### TASK GOAL
Nothing but the lines below from the one that contains "Bring contemporary abstraction" through the one that contains "2023年3月25日,宋世枭" should be retyped, exactly and including both ends. Do not include pictures.

### SOURCE MATERIAL
────────────────
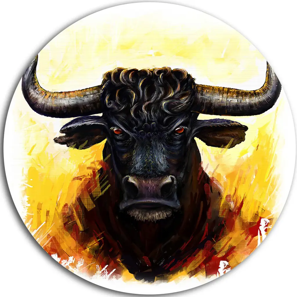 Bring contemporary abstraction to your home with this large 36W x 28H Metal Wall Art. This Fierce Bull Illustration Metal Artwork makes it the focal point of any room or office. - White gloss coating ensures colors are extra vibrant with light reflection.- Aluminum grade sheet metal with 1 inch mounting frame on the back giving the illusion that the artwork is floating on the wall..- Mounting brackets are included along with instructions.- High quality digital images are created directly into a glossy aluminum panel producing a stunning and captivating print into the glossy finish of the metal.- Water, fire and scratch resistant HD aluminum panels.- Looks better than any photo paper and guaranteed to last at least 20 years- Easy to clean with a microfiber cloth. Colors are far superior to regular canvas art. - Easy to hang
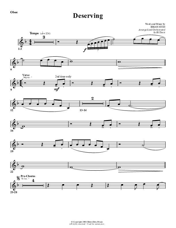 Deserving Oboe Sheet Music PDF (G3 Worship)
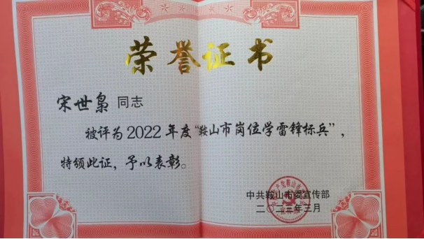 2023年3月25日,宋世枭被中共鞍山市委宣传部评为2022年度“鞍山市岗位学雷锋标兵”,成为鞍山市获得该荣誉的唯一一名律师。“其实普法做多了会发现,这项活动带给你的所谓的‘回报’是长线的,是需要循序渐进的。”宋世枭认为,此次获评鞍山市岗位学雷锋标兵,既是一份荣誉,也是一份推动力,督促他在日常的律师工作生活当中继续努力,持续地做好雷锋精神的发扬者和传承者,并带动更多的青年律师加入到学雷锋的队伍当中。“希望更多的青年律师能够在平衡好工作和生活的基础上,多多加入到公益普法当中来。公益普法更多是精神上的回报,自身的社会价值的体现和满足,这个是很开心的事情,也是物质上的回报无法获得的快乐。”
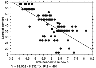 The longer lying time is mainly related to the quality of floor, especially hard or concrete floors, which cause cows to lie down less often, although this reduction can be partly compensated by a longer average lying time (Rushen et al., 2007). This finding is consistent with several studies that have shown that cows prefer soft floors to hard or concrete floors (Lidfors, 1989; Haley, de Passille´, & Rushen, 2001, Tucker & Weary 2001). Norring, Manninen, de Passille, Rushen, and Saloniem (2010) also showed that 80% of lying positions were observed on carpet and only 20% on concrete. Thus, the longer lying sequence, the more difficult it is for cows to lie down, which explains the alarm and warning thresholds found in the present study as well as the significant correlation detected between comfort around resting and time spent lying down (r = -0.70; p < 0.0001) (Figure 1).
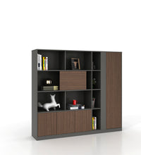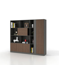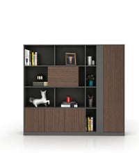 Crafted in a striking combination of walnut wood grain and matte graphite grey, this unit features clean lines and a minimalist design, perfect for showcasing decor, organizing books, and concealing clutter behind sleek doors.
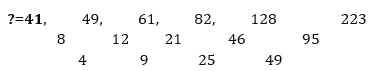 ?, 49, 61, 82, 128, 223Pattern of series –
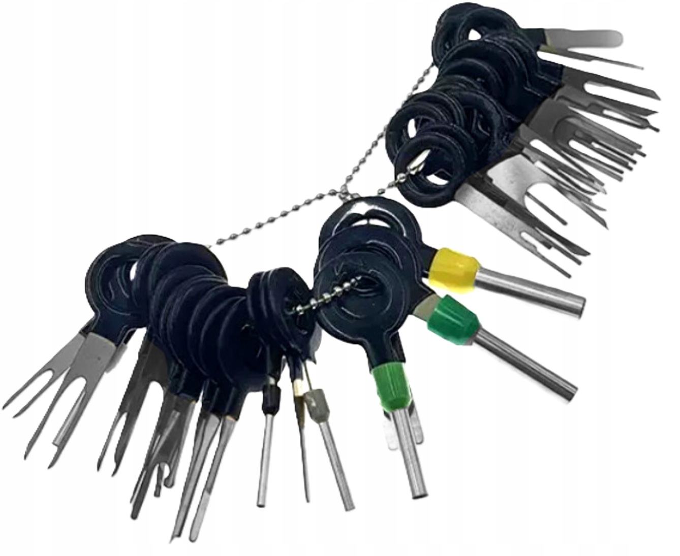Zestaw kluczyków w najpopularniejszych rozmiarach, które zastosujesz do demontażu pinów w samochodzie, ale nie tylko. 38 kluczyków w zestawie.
────────────────
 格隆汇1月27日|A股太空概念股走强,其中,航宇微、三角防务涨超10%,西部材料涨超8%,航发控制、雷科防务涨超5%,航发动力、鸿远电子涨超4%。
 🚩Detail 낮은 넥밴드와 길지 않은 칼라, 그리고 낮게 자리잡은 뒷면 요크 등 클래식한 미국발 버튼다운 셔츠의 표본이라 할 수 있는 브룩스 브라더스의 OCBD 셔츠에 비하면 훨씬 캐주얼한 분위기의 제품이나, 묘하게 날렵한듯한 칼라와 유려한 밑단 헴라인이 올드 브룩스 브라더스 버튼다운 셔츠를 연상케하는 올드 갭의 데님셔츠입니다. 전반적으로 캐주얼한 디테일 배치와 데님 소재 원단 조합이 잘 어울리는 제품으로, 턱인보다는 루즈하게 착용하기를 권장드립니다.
────────────────
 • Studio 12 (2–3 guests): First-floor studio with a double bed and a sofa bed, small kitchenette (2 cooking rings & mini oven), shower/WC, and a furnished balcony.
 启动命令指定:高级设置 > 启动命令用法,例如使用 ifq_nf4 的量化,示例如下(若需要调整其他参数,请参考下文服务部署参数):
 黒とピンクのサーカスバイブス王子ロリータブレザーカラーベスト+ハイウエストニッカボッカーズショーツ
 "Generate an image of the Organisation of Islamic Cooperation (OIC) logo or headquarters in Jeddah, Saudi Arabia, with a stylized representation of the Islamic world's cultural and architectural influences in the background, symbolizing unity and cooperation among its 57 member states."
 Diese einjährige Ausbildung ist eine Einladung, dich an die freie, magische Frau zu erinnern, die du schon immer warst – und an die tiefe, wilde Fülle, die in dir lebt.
────────────────
### TASK RESULT
 Bring contemporary abstraction to your home with this large 36W x 28H Metal Wall Art. This Fierce Bull Illustration Metal Artwork makes it the focal point of any room or office. - White gloss coating ensures colors are extra vibrant with light reflection.- Aluminum grade sheet metal with 1 inch mounting frame on the back giving the illusion that the artwork is floating on the wall..- Mounting brackets are included along with instructions.- High quality digital images are created directly into a glossy aluminum panel producing a stunning and captivating print into the glossy finish of the metal.- Water, fire and scratch resistant HD aluminum panels.- Looks better than any photo paper and guaranteed to last at least 20 years- Easy to clean with a microfiber cloth. Colors are far superior to regular canvas art. - Easy to hang
 Deserving Oboe Sheet Music PDF (G3 Worship)
 2023年3月25日,宋世枭被中共鞍山市委宣传部评为2022年度“鞍山市岗位学雷锋标兵”,成为鞍山市获得该荣誉的唯一一名律师。“其实普法做多了会发现,这项活动带给你的所谓的‘回报’是长线的,是需要循序渐进的。”宋世枭认为,此次获评鞍山市岗位学雷锋标兵,既是一份荣誉,也是一份推动力,督促他在日常的律师工作生活当中继续努力,持续地做好雷锋精神的发扬者和传承者,并带动更多的青年律师加入到学雷锋的队伍当中。“希望更多的青年律师能够在平衡好工作和生活的基础上,多多加入到公益普法当中来。公益普法更多是精神上的回报,自身的社会价值的体现和满足,这个是很开心的事情,也是物质上的回报无法获得的快乐。”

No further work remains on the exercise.